Quilting without rules: To learn to take a compliment without making up excuses. We as women are so unused to taking compliments about our work graciously. We always feel the need to point out a hundred different ways why it’s not really that good. It IS that good, and you ARE creative! Try calling yourself an artist and see how it feels!
Favorite tools: The knee lift on my sewing machine is invaluable because it frees up both of my hands to hold the fabric. I also like using an item called the Purple Thang. It helps to guide the fabric underneath the presser foot with more precision.
Favorite part of quilting: Designing a quilt. Having my family use their quilts, love them, and ask for more. I like to share my love of quilting with others. There is nothing better than seeing a grandchild wrapped up in a quilt whether they are sleeping, reading, watching TV, or just because they want to.

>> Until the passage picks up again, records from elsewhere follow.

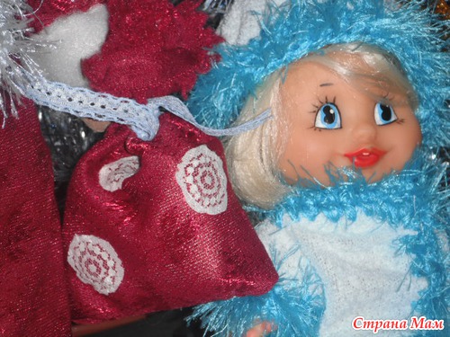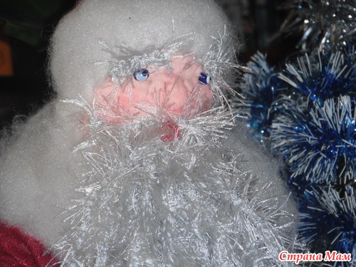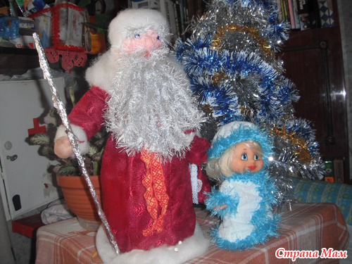 Стеклянная бутылка обтянутая красочной тканью, белый синтепон, нитки, крючок, обрезки гипюра, тесьма и Дед Мороз готов. Снегурочка - кукла, для которй просто сшита шубка из махровой футболки и связана опушка из "травки". Благодарю за внимание. Читать полностью
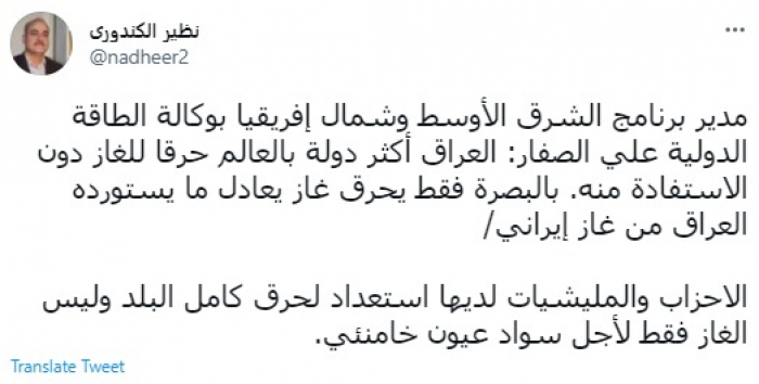 وقال في تغريدة عبر "تويتر" رصدها "المشهد العربي": "مدير برنامج الشرق الأوسط وشمال إفريقيا بوكالة الطاقة الدولية علي الصفار: العراق أكثر دولة بالعالم حرقا للغاز دون الاستفادة منه. بالبصرة فقط يحرق غاز يعادل ما يستورده العراق من غاز إيراني".
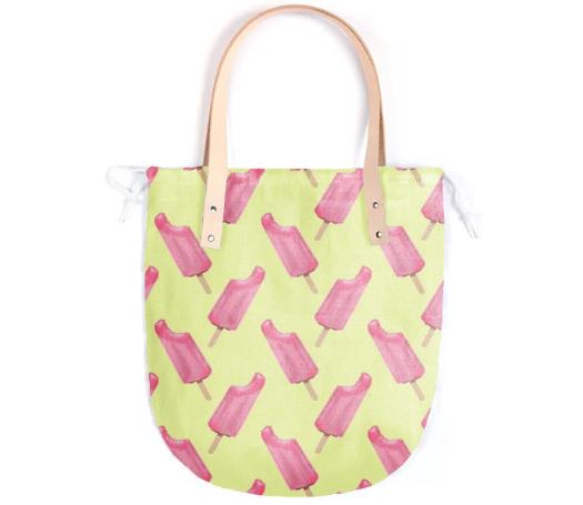 The Summer tote features a round bottom shape small inside patch pocket and tan or black leather handles.
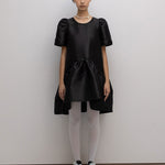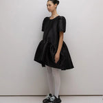 This dress, with its voluminous puff sleeves and splendid hemline, is a continuation of last season's silhouette.
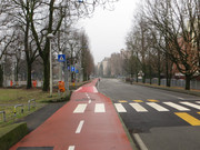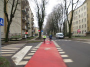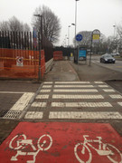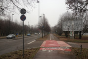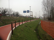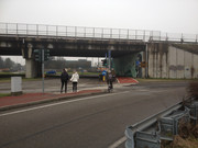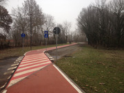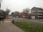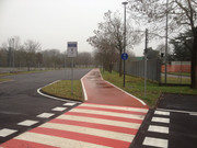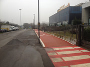 la ciclabile ora piega a destra in modo da porre l'attraversamento della strada che porta all'ipermercato sufficientemente lontano dalla rotatoria; poi si ritorna in senso opposto per attraversare la rotatoria sotto il viadotto, protetta da un semaforo a chiamata.
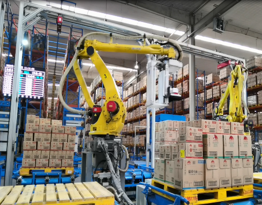 應用4套力生智能揀選機器人系統、視覺系統,以及輸送系統、纏膜機、貼標機、集板機、拆板機等一系列自動化設備。按訂單需求柔性自動抓取、揀選、混碼,相當于12-16名揀貨員,極大地削減了人力成本和管理成本,實現了食品加工流程的高度智能化與高效化。
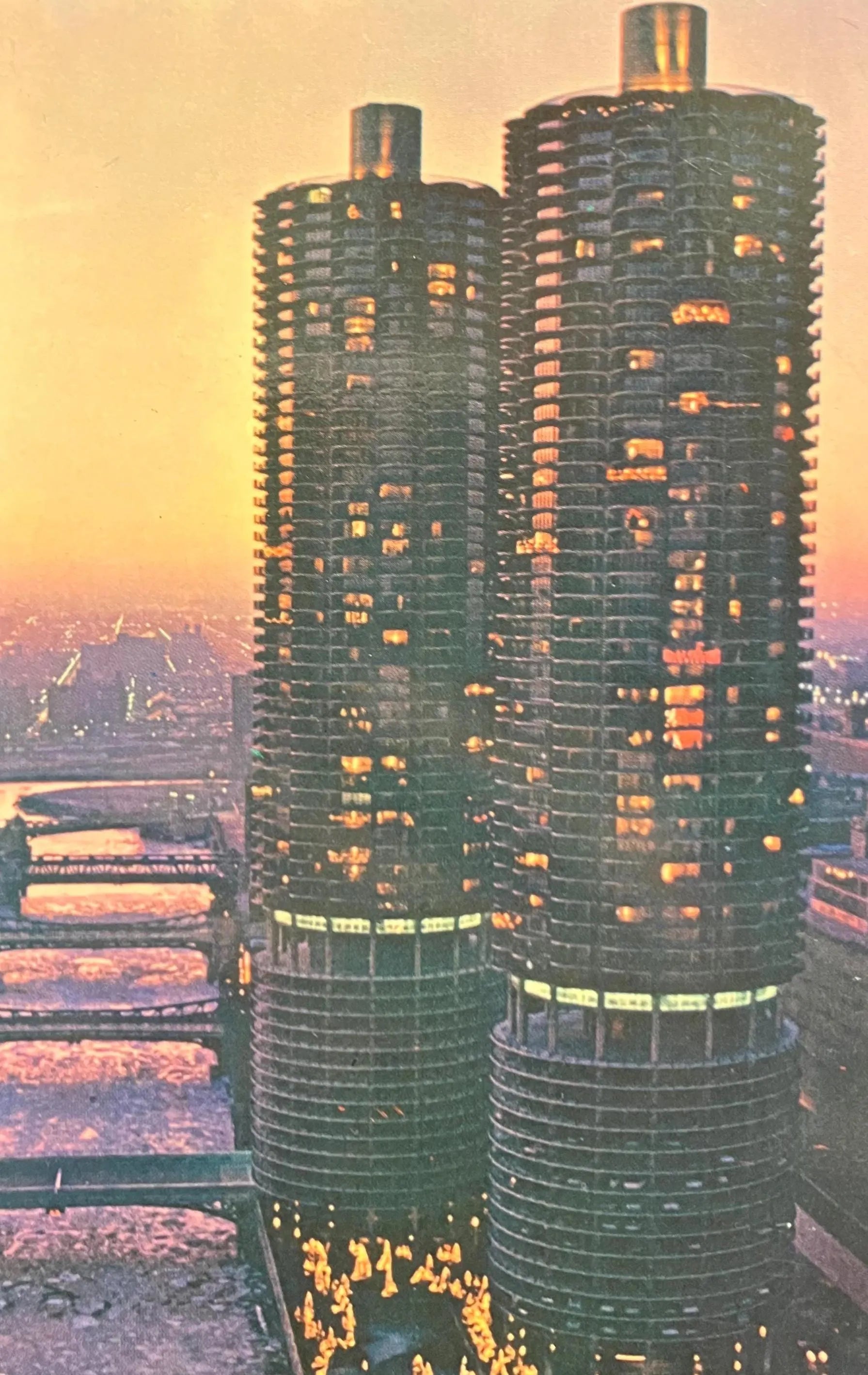 Back: GREETINGS FROM CHICAGO Night view of famed MARINA CITY, looking west on the Chicago River from vicinity of Michigan Avenue Bridge.
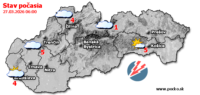 Stav počasia - Slovensko (27.03.2026 o 6.00 hod.)

Why I love quilting: I wonder what story I will do next and what will my quilts look like in five years. I never tire of the infinite possibilities and the joy quilting brings me. You will never make friends as dear and wonderful as quilting friends.

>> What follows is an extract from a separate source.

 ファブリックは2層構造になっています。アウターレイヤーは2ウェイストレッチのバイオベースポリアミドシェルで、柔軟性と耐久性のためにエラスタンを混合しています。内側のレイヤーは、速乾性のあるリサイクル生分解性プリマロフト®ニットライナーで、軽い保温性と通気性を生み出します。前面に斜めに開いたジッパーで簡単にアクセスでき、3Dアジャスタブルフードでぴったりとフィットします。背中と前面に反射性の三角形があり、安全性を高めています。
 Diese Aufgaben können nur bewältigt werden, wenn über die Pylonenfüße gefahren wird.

Quilting as relaxation: Never sew when you are too tired. When you are a little drowsy, or in a great hurry, you make mistakes, and those mistakes can cost you a lot of time and money. So get your beauty sleep—the quilt will still be there in the morning. (Myra, right, with Blue Meadow Designs partner Cori Derksen)
Piecing tip: Cut those leftover bits of binding into 1" lengths and keep them in a basket by your machine. Use these little thread savers to begin and end all your seams, especially when sewing small pieces together and for chain piecing.
Quilting without rules: I feel a beginner should watch out for being told too many rules. Rules KILL your creativity. They cause people new to a craft to develop habits or techniques that may not suit them because someone told them it was the ‘rule’ and the ‘one and only way’ to do it. I am against rules. But guidelines, like using a 1/4" seam for piecing, are great. Most things won’t work if you don’t have that (but remember that some things DO work without a 1/4" seam!).
Hand-appliqué tip: When tracing around templates to prepare pieces for needle-turn appliqué, I use an extra-fine-point permanent marker. Be sure to check the marker on scrap fabric to make sure it doesn’t bleed; as some pens age, their ink separates and tends to bleed.
Fusible-appliqué tip: I like Wonder-Under fusible web. It is lightweight and barely noticeable in fusible appliqué. Some products make the appliqués too stiff. I also like to use it with wool appliqué. I use it for both machine and hand appliqué when using wool. It stabilizes the wool shapes, holds them in place, and is easy to stitch though when doing a blanket stitch by hand. I like having wool projects to take with in the car and having the pieces fused in place makes the project road-trip friendly. (Tammy, left, with Joined at the Hip partner Avis Shirer)
Machine-quilting tip: When you are machine quilting, use quilting or gardening gloves to help you grip the quilt. They make life so much easier because they will help you move the quilt around and you won’t get so tense.